Describe spouse or dependent employment opportunities at the post.  If they are necessary, discuss qualification requirements, preemployment tests, medical and security requirements, and any action to take regarding an appointment before departure for post.  Describe, in general, other employment opportunities at the post including employment in the local economy.  Mention if family members can obtain working visas, permits, and if there are age limitations.  Indicate advance notice needed by post when applying for employment outside the United States.  Also, list any site-specific information.



Include description of city, where located, and its main features (capital city, etc.).  Describe the post climate, services offered, and residential life.  Provide references where personnel may find more information on the post city.


Describe the security level at the post and post city.  Indicate any safety procedures established by posts and any security measures or up-grades developed by the post.  Also describe the level of security and crime in the post city for residents.


Provide an explanation of any significant U.S. mission aid (e.g., embassy, U.S. AID mission, etc.).  Include a brief historical resume of the aid plus predecessor mission, arid the tie-in with other U.S. missions (such as diplomatic, military, etc.).  Also, give location of office(s), detailed addresses, how the telephone number is listed, how post is reached upon arrival if traveler is not met, transportation from "dock," adequacy of local transport, etc.  If employee enters country at an unusual arrival point, discuss what arrangements are made at port of entry or points en route and what transportation is available.  Discuss any visa issues that personnel should be aware of.

Give a brief, general introduction of the administration at post.  Include information on the organizational structure of various agencies and the titles of the principal officials.  Describe administrative functions with which the employee should be initially familiar.  Include information on the community liaison office, if one is established at post.  Do not include material already described in other sections of the post report, but give some details of methods of payment for various categories of employees, housing placement, medical support, duty hours, the administrative workweek, arrangements for greeting new employees at airport or port of entry, and orientation at mission.


(1)  Temporary Quarters

      Describe if and when temporary housing is used.  Give names of available hotels, boarding houses, pensions, and transient quarters.  Give costs of room and meals.  Explain if a staff house is operated.

(2)  Permanent Housing

      Describe nature, adequacy, arid availability of permanent housing, whether provided by U.S. Government or local authorities or available through private leases.  Mention the type of housing available, whether houses or apartments and availability of storage space.  Do not indicate home address for any housing.  Do indicate method of assignments (i.e., assignment by housing coordinator).  Discuss the availability and costs of extras such as guard, elevator, janitor service, the necessity of sharing quarters, and any other conditions of the local housing market.

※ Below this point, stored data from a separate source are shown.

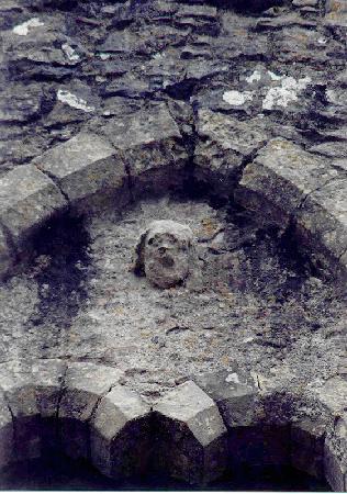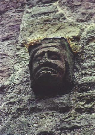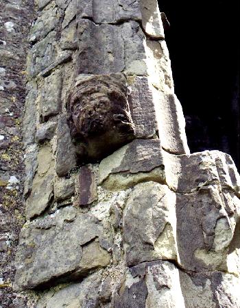 A carved head over the third floor window of the keep at Pembroke Castle (left)
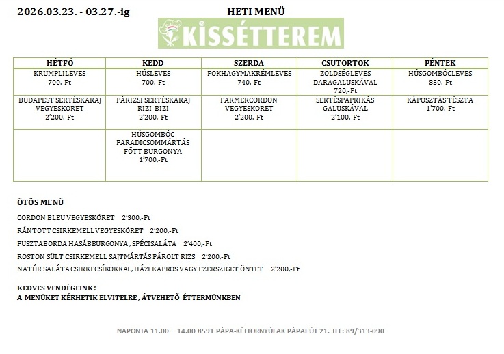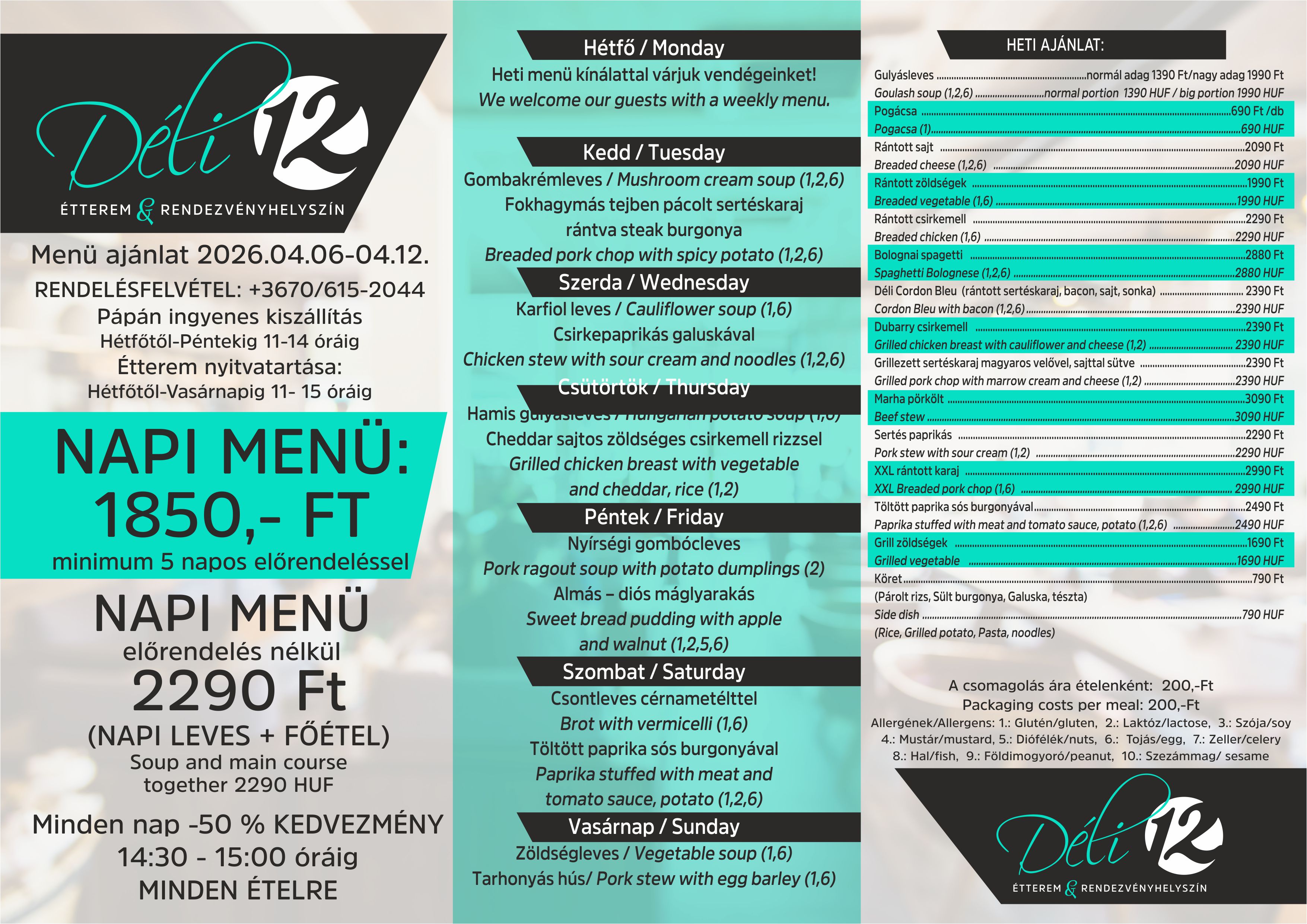 Aktuális étlapunk! Rendelj kiszállítással! megtekintése
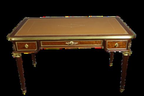 Madera Caoba y adornos de bronce dorado u otro metal igualmente dorado.

Describe the ambassador's and/or DCM's housing.  Indicate, when possible, the average wait for permanent quarters.  To the extent possible, indicate special needs housing.

(3)  Furnishings

      List any furniture and furnishings provided.  Explain if furniture, appliances, and other household equipment should be brought to post to supplement what is supplied.  If furniture and furnishings are not provided, describe the most suitable types that employees should bring with them (for example, "rattan most suitable; hardwood will do" and "soft, Temperate-Zone wood is prey to termites," etc.).  Specify the following:  undue influences of climate; special precautions to be taken; any items which must be brought in order to set up housekeeping; whether readymade curtains/drapes or only curtain/drape material is best to import; size and type of standard window; and whether items common to other areas are unnecessary or unusable (for example, large rugs are unsuitable because of high temperature, or because available houses have unusually small rooms).

(4)  Utilities and Equipment

      Give availability of the following:  running water (hot and cold); baths and toilets; lighting accessories; available fuels; heating accessories; cooking facilities; refrigeration; telephone; electric power (voltage, frequency, dependability, types of wall plugs and whether power surge regulators are required); any transformer requirements; source (for example, if provided by posts); appliances available locally or which must be imported; any special equipment and appliance items that should be brought along; equipment and appliances normally usable in other areas of the world which cannot be used at this post (for example, automatic dishwashers, electric dryers, air-conditioners, microwave ovens, etc.).


Describe by comparison with typical U.S. experiences, the availability, variety, seasonal limitations, etc., of basic and baby foods.  Indicate the necessity, if any, to import foods, and the desirability of maintaining individual gardens.  Mention if frozen microwave food is available and the cost of such food.  Identify the following:  foods that should be brought along at time of initial entry, presence of commissaries and/or PXs, group-purchasing arrangements, rationing, and United States Government cafeterias (whether available to all personnel or only certain groups), etc.  Indicate cost of joining cooperative commissary, if available.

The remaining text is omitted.